Cooperations and a good neighbour, what are Cooperations and a good neighbour?

A cooperation in order to defrock Cambodian Monks and killing Cambodian people are just the same games that Communist Yuon Hanoi had been playing and cooperation to let Yuon robbing land from Cambodia.


VietNamNet Bridge – Party General Secretary Nong Duc Manh has renewed the Vietnamese foreign policy of respecting the friendship and cooperative relations with Cambodia and is eager to improve on ties with its neighbour.

The Party leader made the remark while receiving a high-level delegation of the Cambodian People’s Party (CPP), headed by Nay Pena, member of the CPP Standing Board, in Hanoi on July 24.

General Secretary Manh said the relations would be strengthened in order to follow the motto of “Good neighbours, traditional friendship, long-term, sustainable and comprehensive cooperation” for the benefit of people of each country and for peace, stability, cooperation and development in the region.

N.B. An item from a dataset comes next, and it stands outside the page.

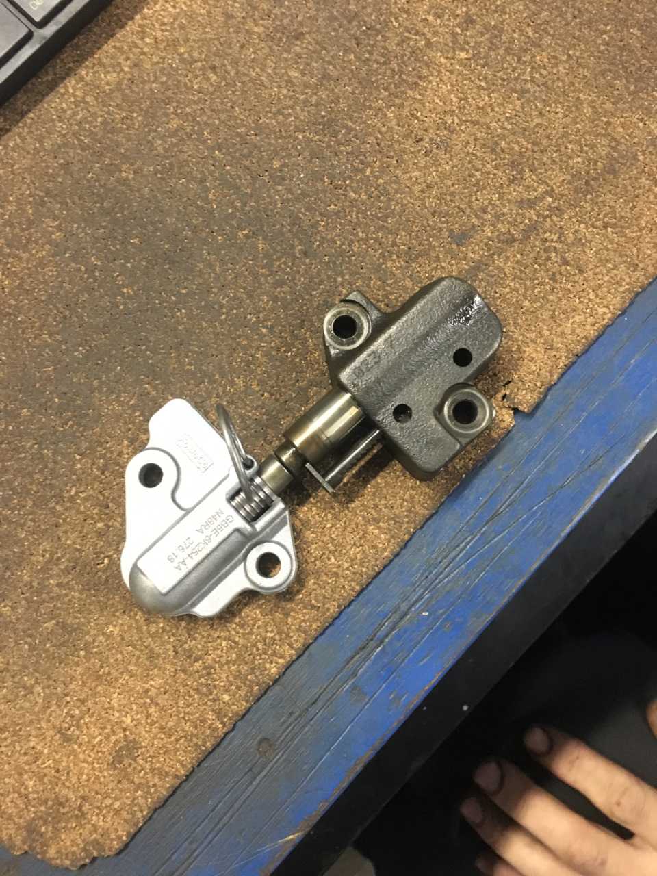 С лева внизу, возле звездочки распредвала затаился натяжитель цепи. В руководстве написано «Нажав тонкой отверткой на храповик через отверстие, разблокируйте натяжитель цепи, затем утопите шток, надавливая на башмак натяжителя и зафиксируйте шток натяжителя в утопленном положении, вставив подходящий стержень в отверстие.» Но поскольку это очень неудобно мы снимем натяжитель целиком а потом просто зарядим его на коленке.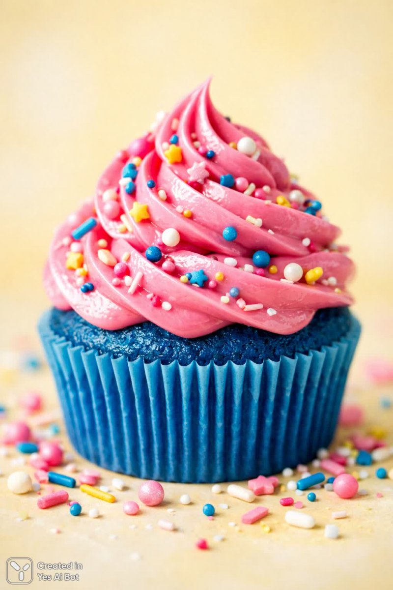 a vibrant blue cupcake topped with glossy pink frosting, sprinkles scattered around, set against a softly blurred pastel yellow background, high detail, macro photography, soft lighting, captured with a Canon EOS R5 and an EF 100mm f/2.8L macro lens.

General Secretary Manh congratulated the achievements of the CPP and Cambodian people in the building of peace and national harmony, socio-economic development, expansion of international relations and improvement of their country’s position at regional and international arenas.

He expressed his wish that under the leadership of King Norodom Sihamoni, the Senate, the National Assembly and the Royal Government, the Cambodian people would continue to obtain greater achievements in the process of building Cambodia into a peaceful, neutral, non-aligned and prosperous nation.

He asked the Cambodian delegation to convey his best regards to former King Norodom Sihanouk, the Queen-Mother, King Norodom Sihamoni, President Chea Sim, Deputy President Hun Sen, Honorary President Heng Samrin and other leaders of the CPP.

Nay Pena expressed his gratitude for the assistance the Vietnamese Party, State and people had lent to the Cambodian people during their struggle for national freedom, their escape from genocide and the current national construction.

The CPP official expressed his wish to further boost ties between the two parties and people in the future.

Earlier, a delegation of the Communist Party of Viet Nam (CPV) headed by politburo member Truong Vinh Trong held talks with the Cambodian delegation.

During the visit, the Cambodian guests had a working session with Nguyen Van Son, member of the CPV Central Committee and Chairman of the CPV Commission for External Affairs.